Valor econômico, v.20, n.4816, 16/08/2019. Política, p. A7

 

Bolsonaro sinaliza veto apenas parcial a projeto de lei do abuso 

Fabio Murakawa

Isadora Peron

16/08/2019

 

 

O presidente Jair Bolsonaro disse ontem que ouvirá sua equipe sobre o projeto de lei de abuso de autoridade, aprovado nesta semana pela Câmara dos Deputados. Ele, no entanto, sinalizou que não deve vetar totalmente o texto, visto como uma retaliação à Operação Lava-Jato.

"Vai chegar à minha mesa na semana que vem, os ministros vão dar cada um a sua opinião, sugestão de sanção ou alguns vetos e vamos tomar a decisão de forma bastante tranquila e serena."

O presidente, porém, defendeu que "tem autoridade que pratica abuso". Ele citou como exemplo os casos em que respondeu por processos na Justiça sobre racismo e apologia ao estupro. "Vocês estão vendo uma pessoa aqui... Eu sou réu por apologia ao estupro. Alguém me viu dizendo que tinha que estuprar alguém no Brasil?", disse, em uma referência à discussão que teve com a deputada Maria do Rosário (PT-RS).

"Existe abuso, somos seres humanos, mas a gente não pode cercear os trabalhos das instituições", afirmou. "A pessoa tem que ter responsabilidade quando faz algo que é dever seu, mas tem que fazer baseado na lei. Tem que fazer o que tem de ser feito de acordo com a lei e ponto final."

Ontem, o ministro da Justiça e Segurança Pública, Sergio Moro, afirmou em nota que o governo vai examinar a possibilidade de vetar alguns pontos do projeto. "Ninguém é a favor de abusos, mas o projeto precisa ser bem analisado para verificar se não pode prejudicar a atuação regular de juízes, procuradores e policiais.

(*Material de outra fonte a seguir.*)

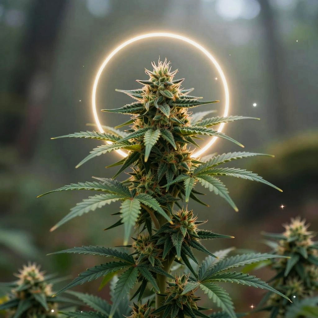 Halo cannabis photos featuring a glowing cannabis plant bathed in ethereal light, with soft halo rings highlighting the leaves and buds, set in a mystical forest environment with gentle fog and sparkling particles, capturing a magical and serene vibe.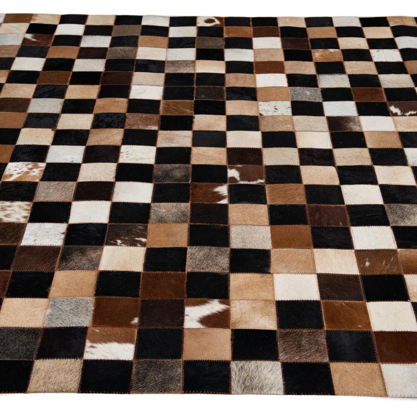 A 5x8 rectangular cowhide rug featuring a modern checkerboard pattern in black, white, and various brown tones.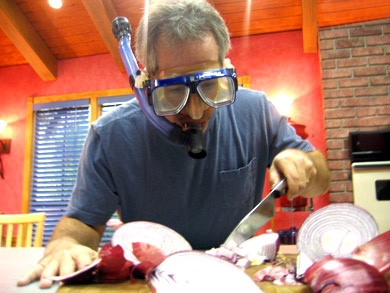نقع البصل في الماء قبل القطع، فالماء يمتص الغاز ويمكنك تجنب الدموع.
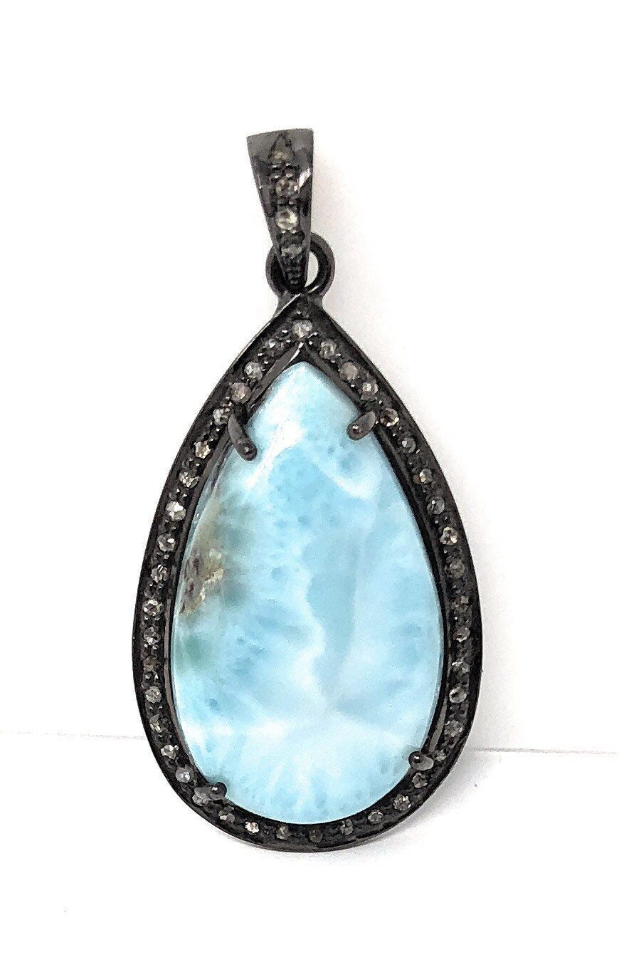 This beautiful Handmade AAA+ Grade Natural Larimar Gemstone Pear/Drop Shape Oxidized 925 Sterling Silver Large Pave Diamond Bezel Setting Pendant is an excellent choice for any occasion and makes a great gift for the loved ones.

O exame ainda será feito com o cuidado e o respeito necessários ao Congresso", disse.

Na quarta-feira, enquanto o plenário da Câmara concluía a votação do projeto, Moro participou de um jantar com deputados e senadores. Na ocasião, ele reclamou da proposta e afirmou que ia trabalhar para fazer modificações no texto aprovado.

Ex-juiz da Lava-Jato, Moro acompanha de perto a onda de protestos que a aprovação do projeto provocou entre os magistrados e integrantes do Ministério Público. Em nota, a Frente Associativa da Magistratura e do Ministério Público (Frentas), que representa entidades das duas categorias, afirmou que o texto aprovado contribuiu para o avanço da impunidade.

"O projeto contém uma série de falhas e impropriedades que inibem a atuação do Ministério Público, do Poder Judiciário e das forças de segurança, prejudicando o desenvolvimento de investigações e processos em todo o país e contribuindo, assim, para o avanço da impunidade."

Para a organização, "os deputados chancelaram um texto que mantém as definições de diversos crimes de maneira vaga, aberta, subjetiva, punindo situações que hoje são normalmente dirimidas pelo sistema de Justiça".

Outra categoria que também se posicionou contra o projeto foram os policiais. Em nota, a Associação Nacional dos Delegados de Polícia Federal (ADPF) afirmou que viu com "muita preocupação". "Tudo que o Brasil não precisa neste momento é de uma espécie de estatuto da criminalidade, que intimide autoridades estatais no regular desempenho de suas funções e proteja criminosos. Ao contrário, a sociedade brasileira espera que haja investimento e autonomia nos órgãos de controle do Estado e que a legislação fomente a prevenção e a repressão às organizações criminosas, protegendo as instituições", disse a entidade.

Na nota, os delegados apontam que esperam que Bolsonaro vete o texto "principalmente por sua eleição ter sido fruto do inconformismo da sociedade brasileira com a corrupção e a criminalidade organizada".

O projeto aprovado pela Câmara teve apoio da maioria dos partidos. Apenas PSL, de Bolsonaro, Cidadania e Novo orientaram suas bancadas a se opor à medida. A votação foi simbólica.

O texto que vai à sanção presidencial define 30 condutas que serão consideradas crime. A nova lei vale para servidores e agentes públicos de todos os Poderes, mas foi elaborada visando o Judiciário e Ministério Público.